“Both abundance and lack exist simultaneously in our lives, as parallel realities. It is always our conscious choice which secret garden we will tend… when we choose not to focus on what is missing from our lives but are grateful for the abundance that’s present — love, health, family, friends, work, the joys of nature and personal pursuits that bring us pleasure — the wasteland of illusion falls away and we experience Heaven on earth.” Sarah Ban Breathnach
Many years ago, I set out to plan a small but thoughtfully laid out garden in the front of my house. I’m a project manager by profession, so I approached this project in the same way as I tackled multi-million dollar technology projects: I evaluated my “current state” (the patch of brown waiting to be brought to life); I envisioned my “future state” (the beautifully crafted blooms that would flower year after year); and, most importantly, I developed my game plan for achieving my final solution that would no doubt one day be featured in Better Homes and Gardens (Western States edition).

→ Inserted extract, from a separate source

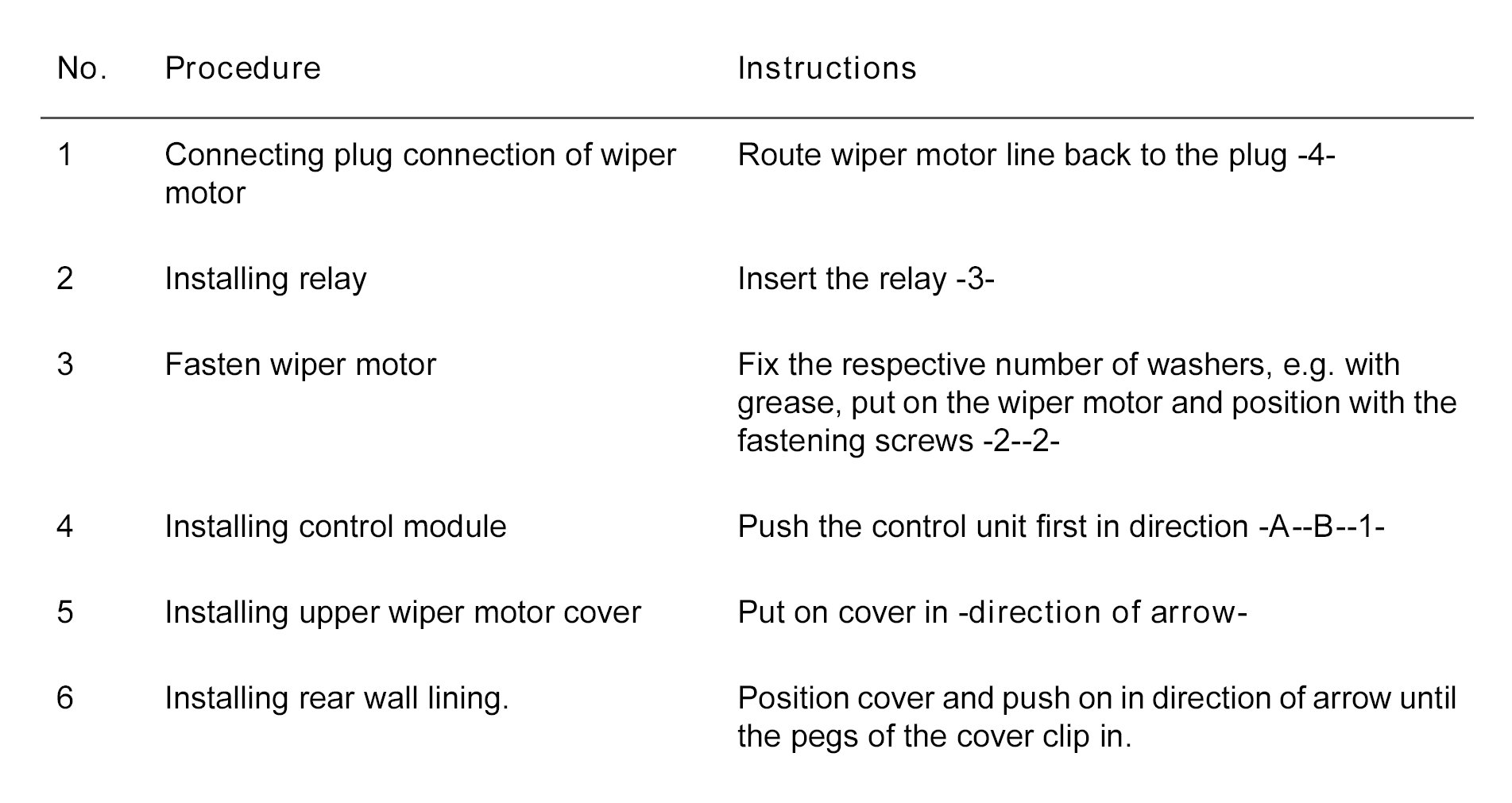 Installing rear windscreen wiper motor

I began by researching the best plants to include in my garden. I learned how to amend the soil; how to lay out everything in such a way as to take advantage of sunlight, runoff, and wind; and how to ensure that there would be adequate space between the plants to allow each one to spread out and up (all the while being sure not to plant anything on the dragon’s back, at least from a flowering feng shui perspective).
And so I excitedly bought all of my exhaustively researched plants, and I lovingly and thoughtfully placed each one according to the landscape blueprint I had equally lovingly and thoughtfully drawn up, every detail considered, every place on the dragon’s back plotted out. Now, all I had to do was patiently sit back and marvel as my plans—and my plants—bore fruit and blossomed.
Even novice gardeners know that these things take time. There is an ebb and flow to the seasons; things grow and mature in their own time. Which means that, at least for the first couple of seasons, the garden might look a bit sparse. But, in time, everything will fill in exactly as planned.
As I said, I’m a planner, and a good one. I was confident that I had taken everything into account when I planned my project. And so I was willing to be patient and let things unfold as they were meant to.
Only, as it turned out, I had overlooked one factor that would ultimately spell disaster.
And that one factor was my ex-husband.
Patience was not in his vocabulary. He thought the garden looked “too sparse,” and he was not willing to wait for it to fill in. He wanted what he wanted now (which, as it turned out, was his approach to pretty much everything, but that’s another story). So one day, unbeknownst to me (and while I was at work), he stopped by the local nursery and, explaining this dire predicament to one of the salespeople, came home with what he was told would be the perfect addition to the garden, one that would fill in those artfully planned empty spaces quickly.
Which turned out to be Kentucky Bluegrass seed.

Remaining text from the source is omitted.